The future of local S. paradoxus populations

An open question about microbial populations is how they will respond to anthropogenic climate change (Antwis et al., 2017), and our data suggest that European S. paradoxus populations will persist in the face of some forms of climate change. As long as temperatures remain within current seasonal ranges (i.e., maximum summer temperatures remain between 18 and 31°C) (Robinson et al., 2016), and the trees with which they associate remain in their current location, we expect S. paradoxus to survive, even as climate variance is predicted to increase (Vasseur et al., 2014). Similarly, we expect S. paradoxus populations to be robust to changes in seasonal timing, such as earlier spring temperatures or later winter temperatures (Cleland et al., 2007). Once mean or maximum temperatures increase, however, S. paradoxus may be replaced by related warm‐adapted yeasts. Specifically, S. cerevisiae is likely to replace S. paradoxus if maximum summer temperatures increase to be consistently above 31°C because the ranges of both yeasts are limited by maximum summer temperatures (Robinson et al., 2016). This possibility demonstrates how ecological processes can be as important as evolutionary processes in determining population and community responses to climate change.

CONCLUSIONS

The forest S. paradoxus population presents a paradox: It is characterized by stability, high dispersal, clonality, and inbreeding, while still including genetic and phenotypic diversity. In laboratory evolution, rapid adaptation can produce such diversity, but the evolutionary processes at play in the laboratory and forest are different. Our observations suggest that forest S. paradoxus do not repeatedly adapt to seasonal‐scale selective pressures and are instead generalists. Future research is needed to unite the natural history of these wild microorganisms with physiological and genetic studies of plastic responses to environmental changes.
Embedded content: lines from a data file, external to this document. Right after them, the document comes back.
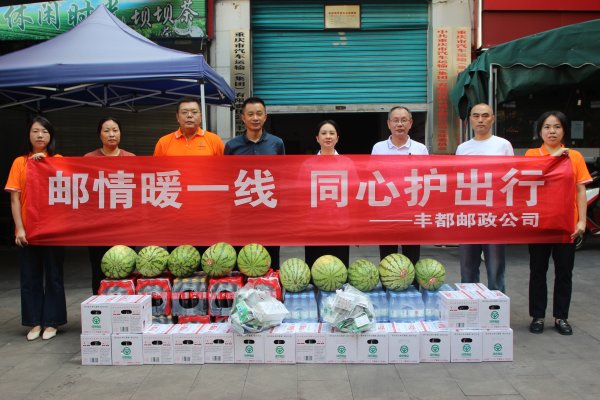 8月19日,丰都邮政组织开展“夏日送清凉”慰问活动,领导班子走访了渝运集团、富海出租车公司、瑞祥出租车公司等主要出租车运营企业,向一线驾驶员及管理人员送去清凉饮料、矿泉水、西瓜等防暑物资,为他们送去关怀与清凉。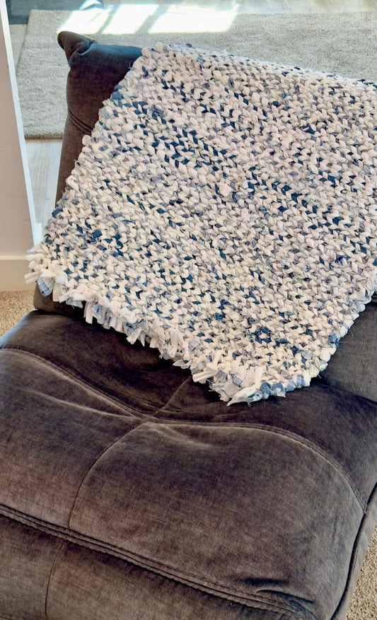 Hand Woven Peg Loom Rug. Red White And Blue Patriotic Vibes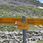 ostwärts über flaches Terrain weiter, erreichen wir kurz nach der Alphütte ein einsamer Wegweiser...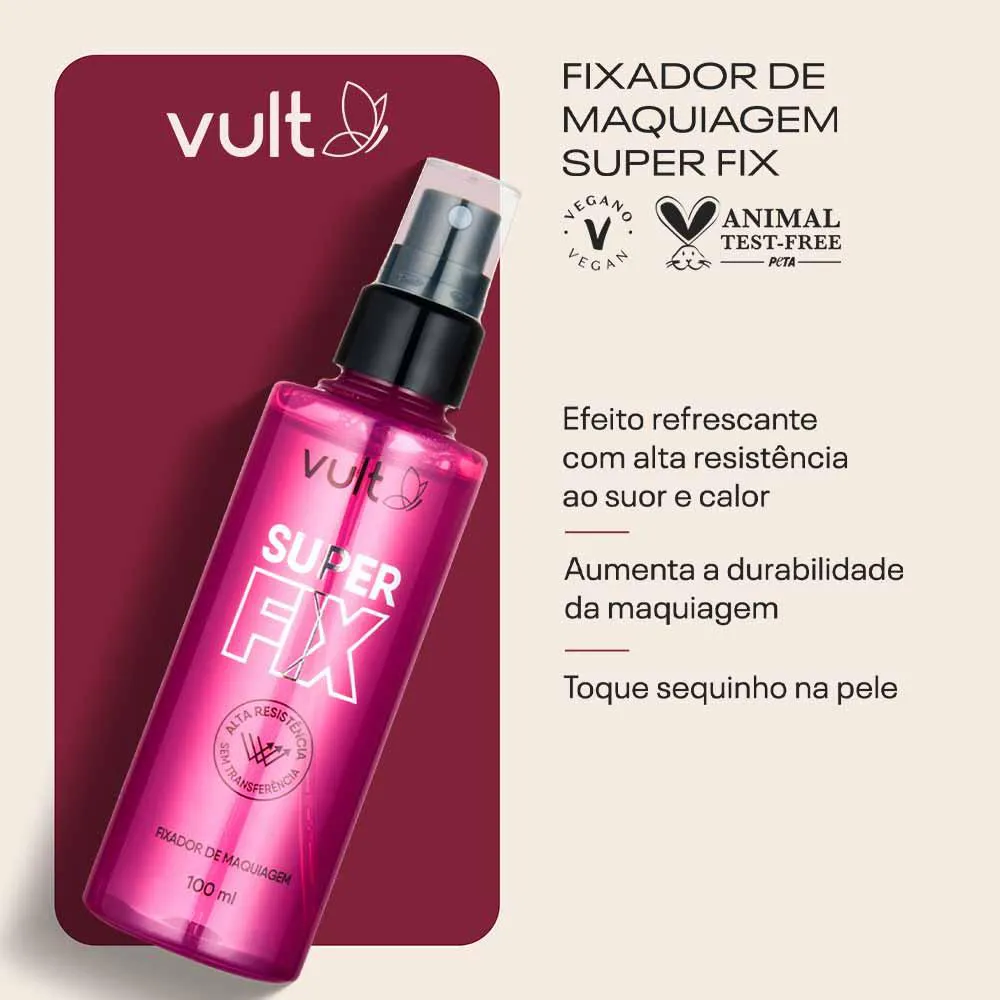 O Fixador de Maquiagem Vult Super Fix é um spray finalizador que tem como finalidade aumentar a durabilidade da maquiagem, garantindo que ela se mantenha intacta por horas, mesmo sob condições de calor e suor.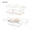 This coffee table combines innovative functionality with modern design. Its clever extendable tabletop, operated via a smooth-gliding mechanism, adapts seamlessly to small gatherings or compact daily use, ensuring flexibility in any space. For organization, the table features versatile storage solutions: open shelves for easy access to frequently used items, compact cubbies for tidying remotes and accessories, and a central open area for displaying books or decor, keeping your living space clutter-free yet stylish. Enhancing ambiance, the built-in 16-color LED strip¡ªcontrolled via Bluetooth app¡ªlets you effortlessly switch between vibrant party hues, warm reading lights, or calming gradients, adding a dynamic, tech-savvy touch to any occasion. Built on a durable MDF base, the table offers reliable stability, while its tool-free assembly ensures quick setup, perfect for busy households. Merging practicality, aesthetics, and smart features, this coffee table elevates both functionality and atmosphere in your home.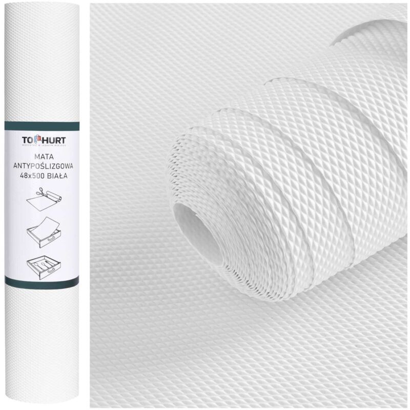 Tappetino antiscivolo per cassetti 48 x 500 cm bianco Dimensioni: 48 x 500 cm | Colore: bianco Se stai cercando un modo efficace per mantenere l'ordine nei tuoi cassetti, vale la pena considerare l'acquisto di un tappetino antiscivolo. Grazie alla sua texture efficace e agli elevati parametri tecnici, impedisce efficacemente lo spostamento degli oggetti nel cassetto. Inoltre, i tappetini antiscivolo sono protettivi e proteggono i cassetti da graffi e danni. Il tappetino antiscivolo è universale e si adatta a vari tipi di cassetti. Può essere facilmente tagliato in base alle proprie esigenze e tagliato in qualsiasi forma. È anche facile da pulire e il materiale di cui è composto è sicuro e inodore. Il tappetino antiscivolo è resistente all'umidità e attutisce i suoni rumorosi, rendendolo una soluzione ideale per i cassetti della cucina o del bagno. Il suo colore gradevole alla vista gli consente di abbinarsi a qualsiasi interno, il che rende il tappetino antiscivolo non solo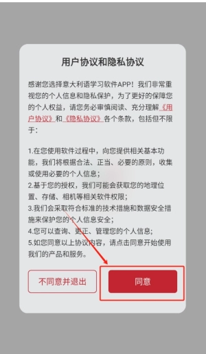 1、点击同意按钮以顺利进入应用界面,开始你的意大利语学习之旅,确保一切功能正常运行。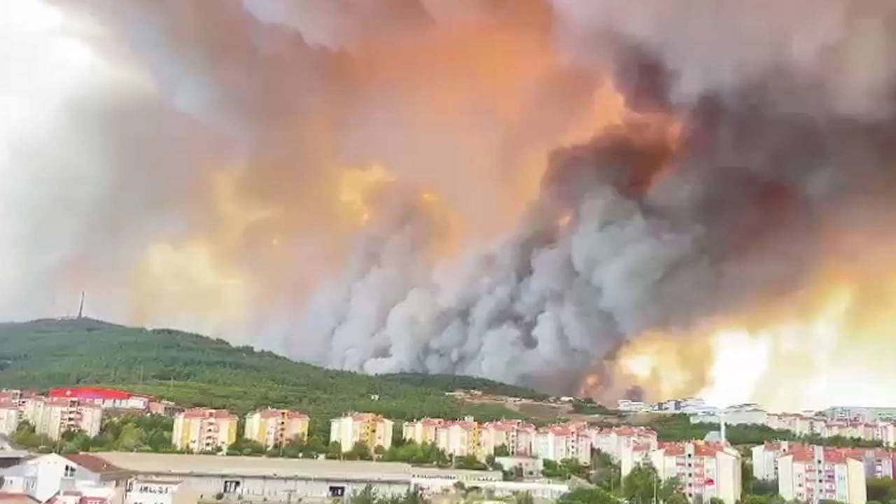 Karadan da ekipler yangına müdahaleye devam ediyor.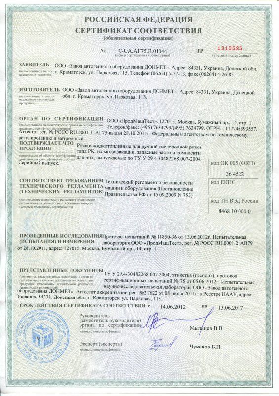 Пропановый резак Р1 Донмет 149 П (9/9)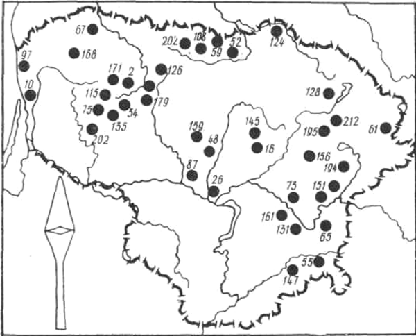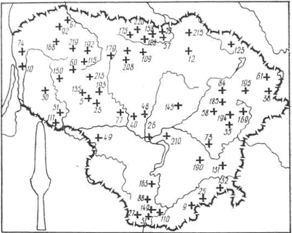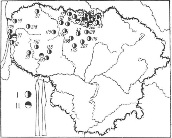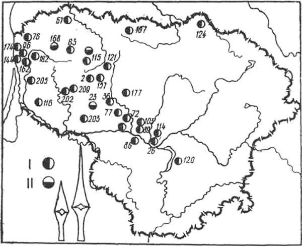 III-IV вв. — Бандужяй (оба — в Клайпедском р-не) (143, с. 96, рис. 3), Лаздннинкай (59), Пришманчяй (146; 147, с. 179, рис. 1-3), Рудайчяй I и II (131; 132) (все — в Кретингском р-не) и Сенкай (Клайпедский р-н) (130). В других могильниках западной части Литвы, например, Барздунай (Шилутский р-н) (51, с. 116), Гинтарай (136), Падваряй (83, с. 46), Рякяте (148) (все — в Кретннгском p-не), Шернай (Шнлутский р-н) (49), найдены отдельные экземпляры наконечников копий первой половины I тысячелетия и. э. Данные о количестве наконечников копий, найденных в погребениях в различных частях территории Литвы, приводятся ниже:
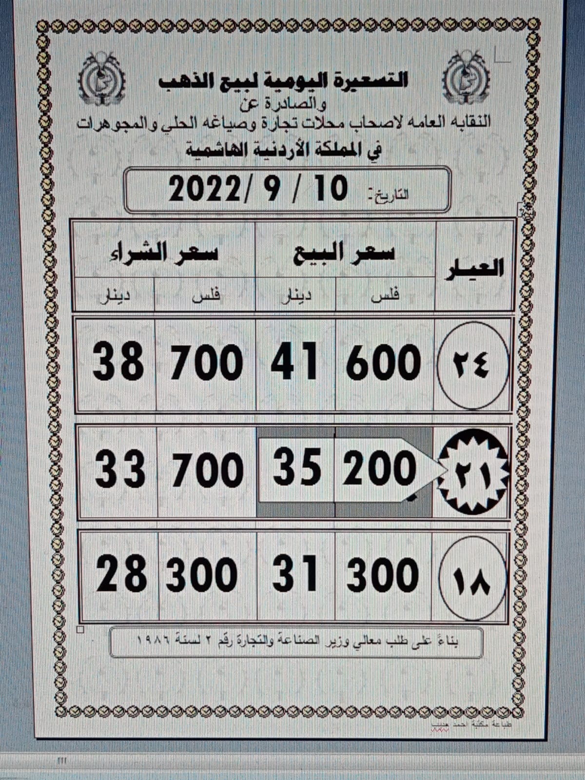 22 الإعلامي- أصدرت النقابة العامة لأصحاب محلات تجارة و صياغة الحُلي والمُجوهرات، نشرة تسعيرة الذهب المحلي وحسب رصد موقع 22 الإعلامي لنشرة الـيوم الموافق السبت 10/9/2022 في المملكة الأردنية الهاشمية .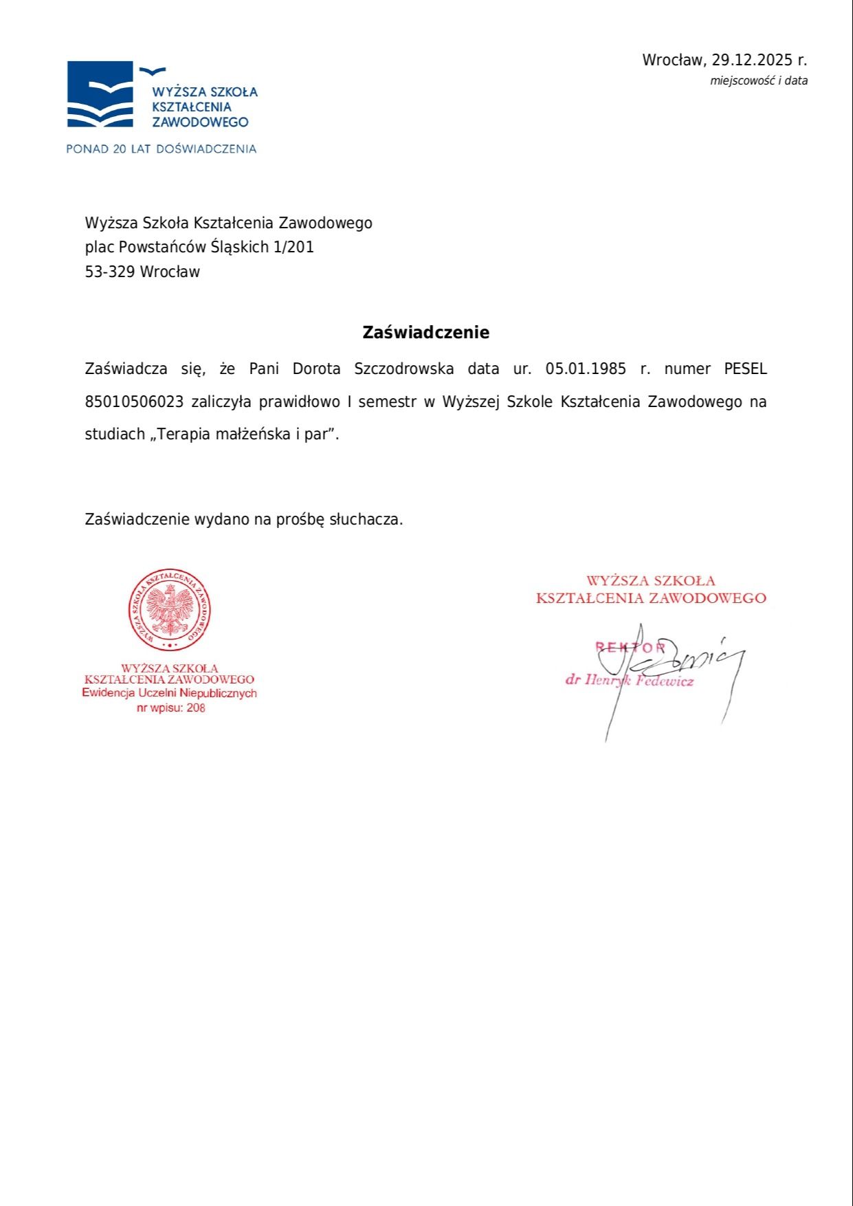 Swoje kompetencje rozwijam również w obszarze terapii par i małżeństw, realizując dwuletnią szkołę podyplomową. Posiadanie szkoleń z obszaru TSR I i II stopnia pozwala mi elastycznie dobierać sposób pracy do indywidualnych potrzeb pacjenta, etapu jego życia oraz złożoności zgłaszanych trudności.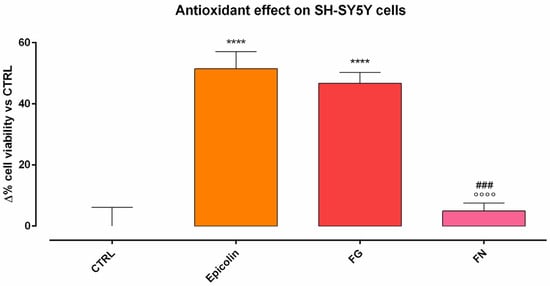 Antioxidant effect on SH-SY5Y cells induced with glucose oxidase enzyme (GOx, 5.3 mU/mL) and treated with Epicolin, Formulation G (FG), or Formulation N (FN). The data are represented as percentage differences (Δ) compared to the control (CTRL). The data represent the means ± SEMs of at least three different experimental days in triplicate. Statistical analysis was performed using one-way ANOVA plus Dunnett’s post hoc test. **** p ≤ 0.0001 vs. CTRL; °°°° p ≤ 0.0001 vs. Epicolin; ### p ≤ 0.001 vs. FG.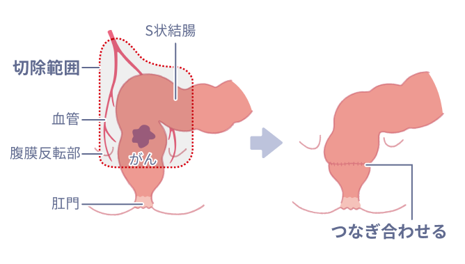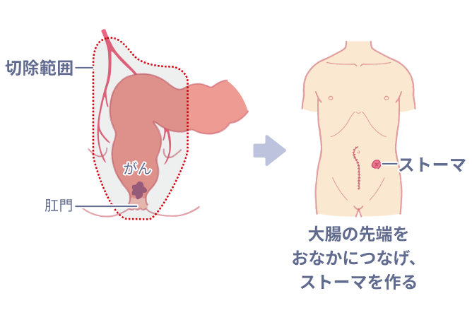 切除が終わったら、今後も食事を取れるように残った腸管同士をつなぎ合わせます。肛門の近くにがんがあるなど、そうした処置が難しい場合には、ストーマ(人工肛門)をおなかにつくる必要があります。
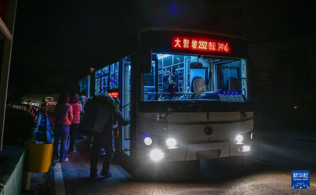在貴陽市烏當(dāng)區(qū)水田鎮(zhèn)定扒村,菜農(nóng)登上252路“惠農(nóng)專線”公交車,準(zhǔn)備進(jìn)城賣菜(11月7日攝)。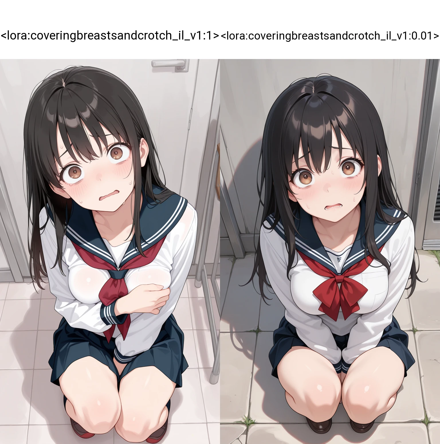 片手は胸を覆い、もう一方の片手はを覆う構図を生成しやすくするLoRA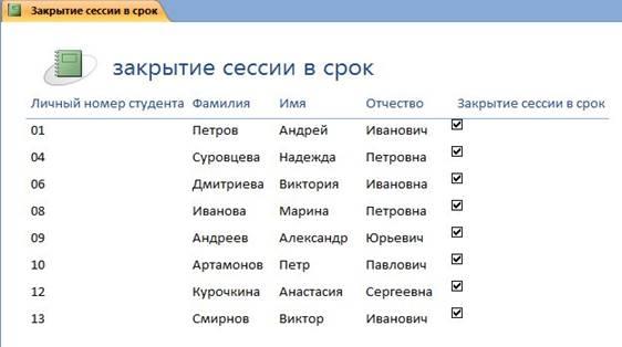 Рисунок 18 – Результат отчета «Закрытие сессии в срок»

Saccharomyces paradoxus is an exciting opportunity to explore connections between forest and laboratory biology and to understand how the biology of a model microbe influences its ecology and evolution—including its stability—in its native habitat.

CONFLICT OF INTEREST

The authors declare no competing interests.

AUTHOR CONTRIBUTIONS

Primrose J. Boynton: Conceptualization (lead); Data curation (lead); Formal analysis (lead); Investigation (lead); Methodology (lead); Project administration (lead); Resources (lead); Validation (lead); Visualization (lead); Writing‐original draft (lead). Dominika Wloch‐Salamon: Formal analysis (supporting); Investigation (supporting); Methodology (supporting); Writing‐review & editing (supporting). Doreen Landermann: Investigation (supporting); Resources (supporting); Writing‐review & editing (supporting). Eva H. Stukenbrock: Conceptualization (supporting); Funding acquisition (lead); Investigation (supporting); Project administration (lead); Resources (supporting); Writing‐review & editing (supporting).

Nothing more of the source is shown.